Posts Tagged ‘East Kilbride’

Denis Curran, Head of Food Bank Charity, on Hunger due Welfare Sanctions

June 1, 2016

This is another piece I found on Youtube. It’s a charity worker for Loaves and Fishes, a food bank, before the Scots parliament way back in 2014, talking about his work delivering food to the absolutely poverty-stricken, hit by the government’s savage cuts and sheer exploitation by grasping employers. And it’s very powerful and moving stuff.

Mr Curran talks about people traipsing three or four miles from the town centre, just to get something to eat. A mother, who hasn’t eaten for three days, because she’s been trying to feed her children. And then there’s a man, who worked for two hours for a prospective employer, and, unbidden, cleaned up after himself, only to be told that ‘he wasn’t suitable’, and sent home without any pay for the two hours he’d put in. One man he saw had been sanctioned for eleven weeks. That’s eleven weeks without money. He talks about the rise in suicide from sheer desperation by the people hit by the cuts. He also talks about how some official agencies won’t store food, because their employees have left the room in a mess, and they don’t want to encourage it, or they fear cross contamination from the different types of food if they’re put together. Or they want it delivered, but they have to keep within their budgets, so there’s no help for it. Curran also states that he’s a pensioner, who uses two sticks and sometimes he can’t get about. But if he can’t make a delivery for a certain social work agency on a certain day, he’ll get told that he can’t make another delivery until Wednesday, because of the way that agency’s doing things. As a result, the family that needs it haven eaten up till then. He talks about people going to food banks to get baby clothes for a new baby. He states that the government see people on benefits as scroungers and layabouts, when this is not the case, and are penalising them for being poor. He describes how quickly the sanctions legislation was passed. They made the decision on a Thursday, and then five days later, the next Tuesday, it became law. He asks what would happen if MPs were forced to go without pay, their gas, water and electricity cut off, and their fridges emptied, so they were forced to use food banks. Not how they would cope financially, but how it would affect them mentally. He also states that he’s been coming to meetings like this since 1993, and the only thing changes is that he keeps coming to more meetings. And he expects to be coming to another one in 2016. He recalls that he and his wife grew up during the Second World War. And he criticises the government for making us a 21st century society, but with 1930s values. Back during the War they gave you a ration book. Now it’s vouchers for a food bank. ‘What’s the difference, eh?’

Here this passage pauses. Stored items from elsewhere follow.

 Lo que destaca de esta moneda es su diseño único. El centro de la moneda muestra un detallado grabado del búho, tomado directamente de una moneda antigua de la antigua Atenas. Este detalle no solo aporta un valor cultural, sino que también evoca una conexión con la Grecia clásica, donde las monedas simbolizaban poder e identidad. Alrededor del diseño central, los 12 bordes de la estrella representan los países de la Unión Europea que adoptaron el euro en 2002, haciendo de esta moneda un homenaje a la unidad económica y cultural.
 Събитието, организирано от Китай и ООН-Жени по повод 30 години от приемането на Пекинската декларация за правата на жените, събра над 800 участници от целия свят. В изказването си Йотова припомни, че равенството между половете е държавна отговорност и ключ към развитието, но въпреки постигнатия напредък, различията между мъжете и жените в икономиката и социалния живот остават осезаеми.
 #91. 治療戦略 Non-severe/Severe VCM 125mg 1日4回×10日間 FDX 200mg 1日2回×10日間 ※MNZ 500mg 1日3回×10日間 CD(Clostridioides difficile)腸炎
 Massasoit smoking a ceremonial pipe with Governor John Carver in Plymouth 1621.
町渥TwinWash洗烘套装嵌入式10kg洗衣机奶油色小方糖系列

It’s powerful, angry stuff, from someone, who is on the frontline of trying to help people keep body and soul together. Mr Curran comes from East Kilbride, and describes how he travels about all over Scotland to deliver his food parcels. Listening to him, this viewer from south of the Border was reminded of Iain Patterson’s fictional Rab C. Nesbit and his acute observations on poverty, society and politics. Nesbit was a benefits’ scrounger, and the show was comedy, but it also took the opportunity to tell some very harsh truths about the attitude of the Jobcentres, smarmy politicians and clergy, who affected concern for the poor, but had little real understanding, as well as other manifestations of pomposity, meanness, stupidity and arrogance.

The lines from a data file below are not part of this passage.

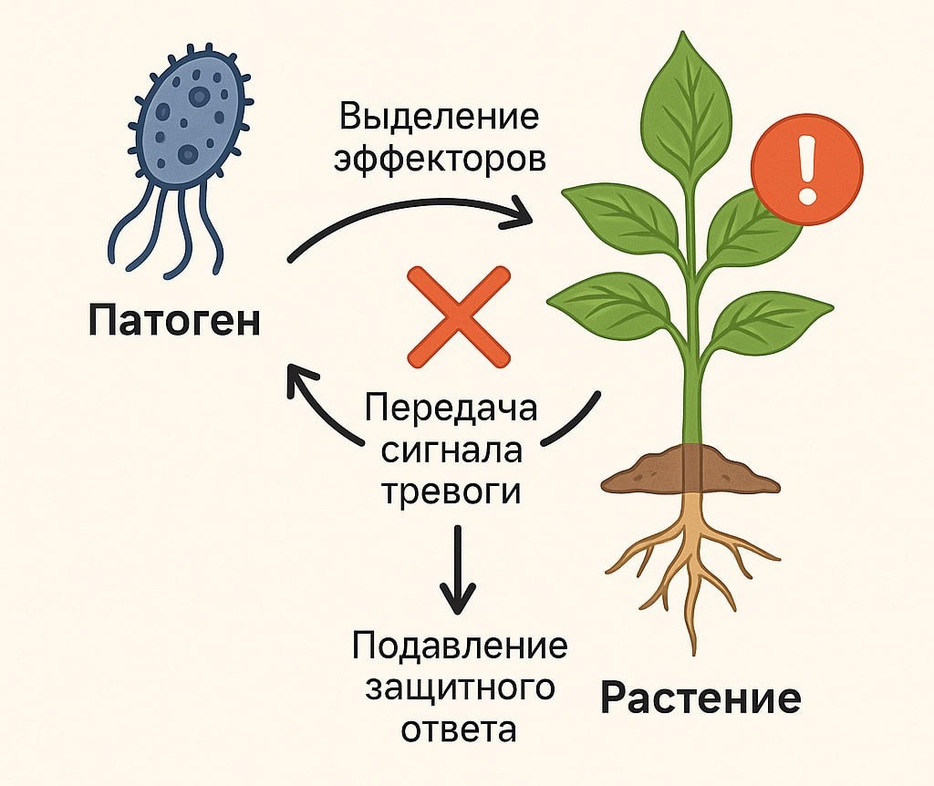 Растения имеют свою «иммунную систему» — сигнальные пути, которые активируются при контакте с патогеном. Но многие возбудители научились вмешиваться в эти сигналы, подавляя защитные реакции на молекулярном уровне.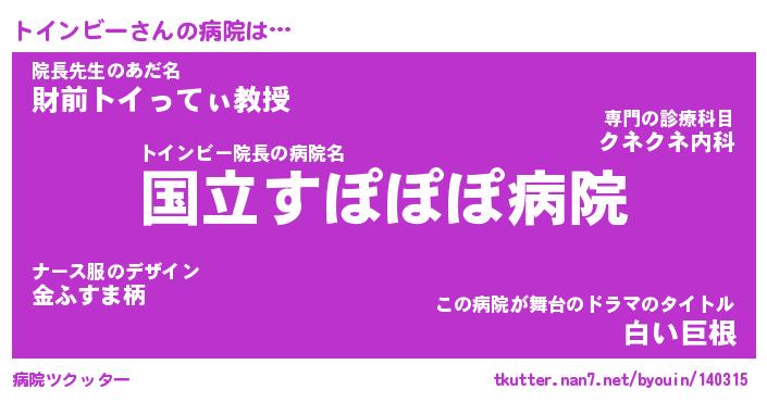 | 2回繰り返すあだ名 | 『トイトイ』『トトイイ』『きんきん』 |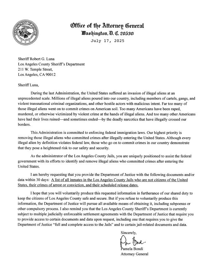 “Today, Attorney General Bondi sent letters to several California sheriffs—including Sheriff Robert Luna of Los Angeles County, the most populous county in America—requesting lists of all inmates in their county jails who are not citizens of the United States, their crimes of arrest or conviction, and their scheduled release dates. It’s time for California’s county sheriffs to fulfill their oath of office and keep the citizens of their counties safe and secure.”

Unfortunately, this is all real. And its victims aren’t scroungers like Nesbit. And there’s nothing funny about this situation at all.

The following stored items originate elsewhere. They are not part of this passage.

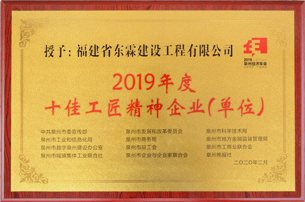 2019年度十佳工匠精神企业(单位)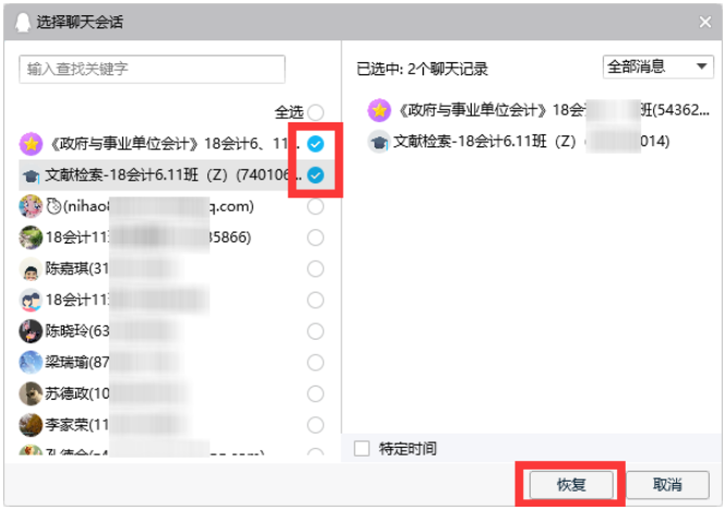 3、這時就會在【選擇聊天會話】中看到在電腦上的所有人的聊天記錄,勾選需要恢復的聊天記錄,點擊右下角的【恢復】即可。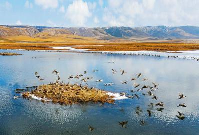 雪后阳光下,数千只飞禽在若尔盖花湖嬉戏翱翔。 四川日报全媒体记者 尹钢 摄(资料图片)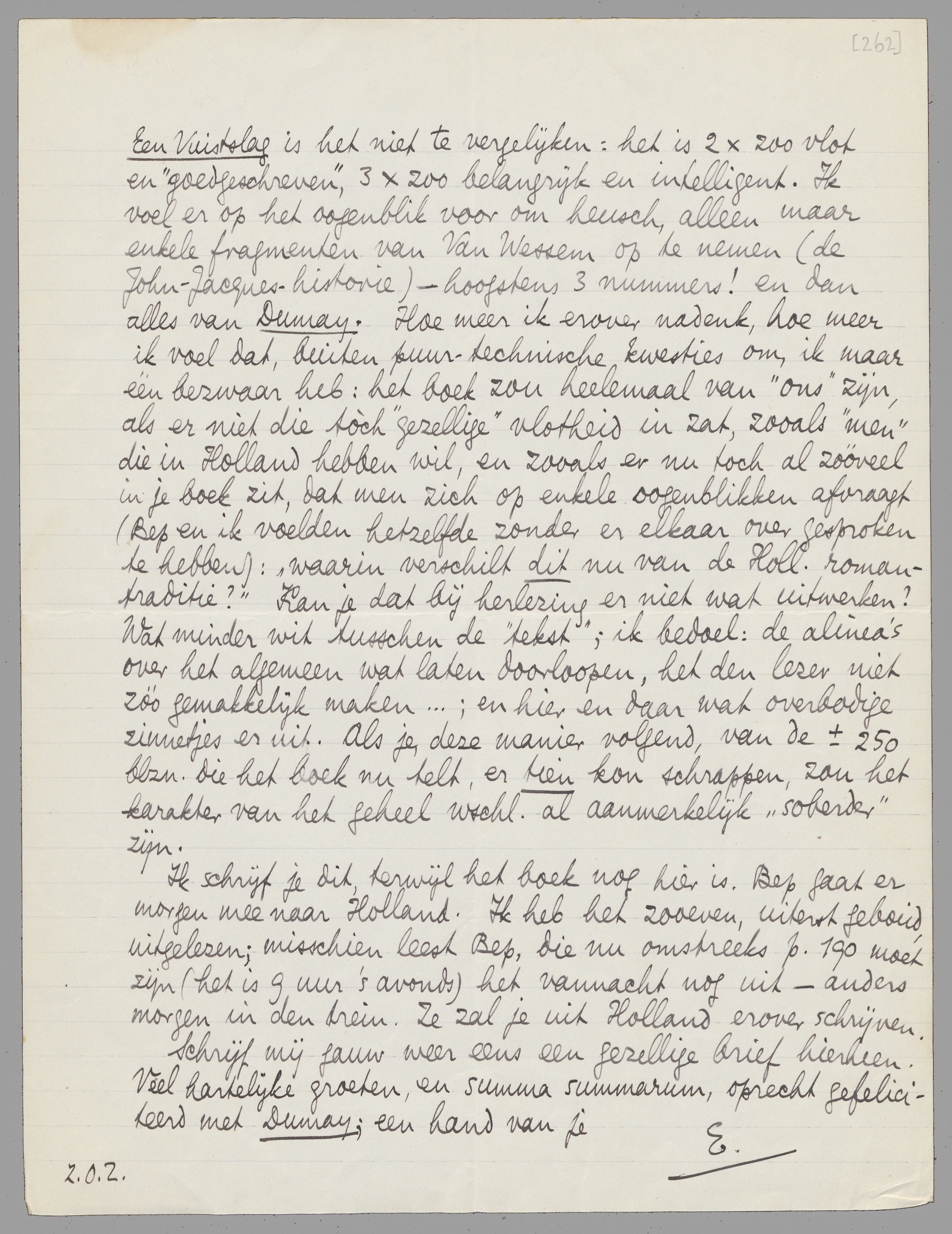 Meer zou ik vooreerst niet weten te vinden; eig. zijn hierin ook alleen 1-3 van belang. De rest is al detailbespreking. (O ja, ‘in de gang’, en ‘aan den gang’, zegt het woordenboek; jij maakt telkens de vrouwelijke gang mannelijk). - Nog iets. De scène waarin Marie George een klap geeft, vind ik zwak, maakt hier de indruk van onnoodig te zijn; de andere gesprekken daarentegen met George vind ik alleraardigst. Ik zou met je over het heele boek willen spreken, stuk voor stuk zeggen wat ik erg goed vind, wat minder, wat bijna niet. Maar over het geheel is het een knap stuk werk, dat ook psychologisch veel subtieler en belangrijker is dan H. Court, dat lijdt niet den minsten twijfel. Met Een Vuistslag is het niet te vergelijken: het is 2 × zoo vlot en ‘goedgeschreven’, 3 × zoo belangrijk en intelligent. Ik voel er op het oogenblik voor om heusch, alleen maar enkele fragmenten van Van Wessem op te nemen (de John-Jacques-historie) - hoogstens 3 nummers! en dan alles van Dumay. Hoe meer ik erover nadenk, hoe meer ik voel dat, buiten puur-technische kwesties om, ik maar één bezwaar heb: het boek zou heelemaal van ‘ons’ zijn, als er niet die tòch ‘gezellige’ vlotheid in zat, zooals ‘men’ die in Holland hebben wil, en zooals er nu toch al zóóveel in je boek zit, dat men zich op enkele oogenblikken afvraagt (Bep en ik voelden hetzelfde zonder er elkaar over gesproken te hebben): ‘waarin verschilt dit nu van de Holl. romantraditie?’ Kan je dat bij herlezing er niet wat uitwerken? Wat minder wit tusschen de ‘tekst’; ik bedoel: de alinea's over het algemeen wat laten doorloopen, het den lezer niet zóó gemakkelijk maken...; en hier en daar wat overbodige zinnetjes er uit. Als je, deze manier volgend, van de ± 250 blzn. die het boek nu telt, er tien kon schrappen, zou het karakter van het geheel wschl. al aanmerkelijk ‘soberder’ zijn.

As for seeing how the MPs would survive mentally if you could off their household supplies, leaving them with only the food bank to rely on, it’s manifestly obvious that they couldn’t cope. And they know it. Thirty years ago when Thatcher started cutting benefits, Geoffrey Dickens was invited by Channel 4 to survive on the dole for a week. He couldn’t. By the end of the week, his water and electricity had been cut off, and the food cupboard was empty. But the Tories have learned their lesson. Unfortunately, what they’ve learned is not to take up such challenges. One Tory MP, it might have someone from IDS’ wretched department, was invited to take part in a similar experiment for television. He turned it down, saying it was just a stunt. He knew he couldn’t survive, and didn’t want to give the opposition and viewing public the opportunity to watch him have to eat his words, ’cause there was precious little else he had left. But that’s the only thing that’s changed. The rhetoric of reproach hasn’t. Mr Curran talks about how ministers accuse the poor of going to food banks because their lazy and scroungers, when the truth is far from that. Unfortunately, that’s exactly what Edwina Currie has been saying, to give one example. When Panorama did a programme on the rise of food banks, she appeared on it to give her view that people were using them simply because they could, and they didn’t represent a rise in real poverty. Well, they are an indication of the grinding poverty and hunger that’s gripping Britain. And Currie’s a disgrace, along with all the other Tories, who claim otherwise, and especially Ian Duncan Smith and Stephen Crabb, Cameron’s heads of the DWP, who are responsible for the implementation of the cuts.